Indeed, the squad’s historic win has been quite overshadowed in the Facebook group “Philippines Football League Fans United” as most posts in the group revolved around discussing the monicker, or whether or not fans want it changed.
And Nierras wants more attention given to the more relevant storylines. Given that regardless of the result against Australia, the Filipinas have a great chance of advancing to the quarterfinals, putting them just win away from the 2023 FIFA Women’s World Cup.
“If we tie or beat Indonesia, that’s it, we’re in (quarterfinals). Our chances are very good. What people should focus on is on that. Not the name. Monickers are just nicknames to just give it more flavor, some appeal. But (Malditas) really mean the attitude of players,” the mentor added.
“If they wanted to do that (change), they would have done that a long time ago. Whoever came up with that, I don’t think I have to say who started all this intrigue … well, it evolves.
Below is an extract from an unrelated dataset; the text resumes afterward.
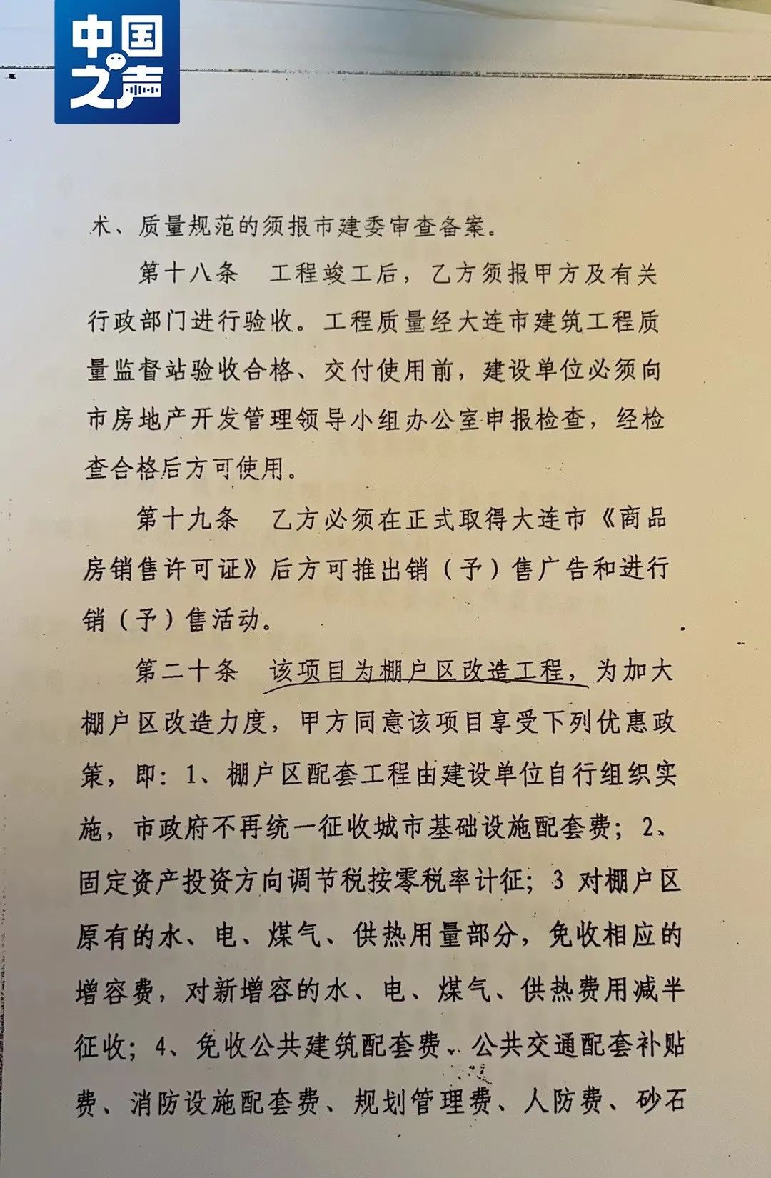 任国坤向记者出示了当年接手这一小区时,与政府部门签订的文件。该文件显示,该项目为棚户区改造工程,不再统一征收城市基础设施配套费,对棚户区原有的水、电用量,免收增容费,对新增容的水、电费用,减半征收。

The connotation of something evolves into something which is good.”
The national team’s win over Thailand on Friday ended a 12-match losing streak against its Southeast Asian counterparts, setting up a giant possibility of progressing to the world stage in the days to come.
“Right now, the attention we are getting is good. That’s what we need. I’m telling you, this year, you will see more Filipinas playing in professional leagues in Asia,” Nierras said, mentioning countries like South Korea, Australia, Hong Kong, and Taiwan as potential destinations for Filipina footballers.
Lastly, Nierras hopes that the great showing by the national team in the past few years would also serve as an inspiration for the entire Philippine sports community, including decision makers, to develop local women’s football even more.
“Let the girls have their glory. They deserve it,” he closed. “Focus on what the team has been able to do, not the name. That flag on the jersey is the most important thing and that’s what fully represents us. Not the nickname, not the monicker. It represents the attitude of the players we have. We have to give them their due. Whatever name you want to call them, it doesn’t matter. Team Philippines, that’s not gonna change. That’s what we need to do. We do not have to worry about the name.”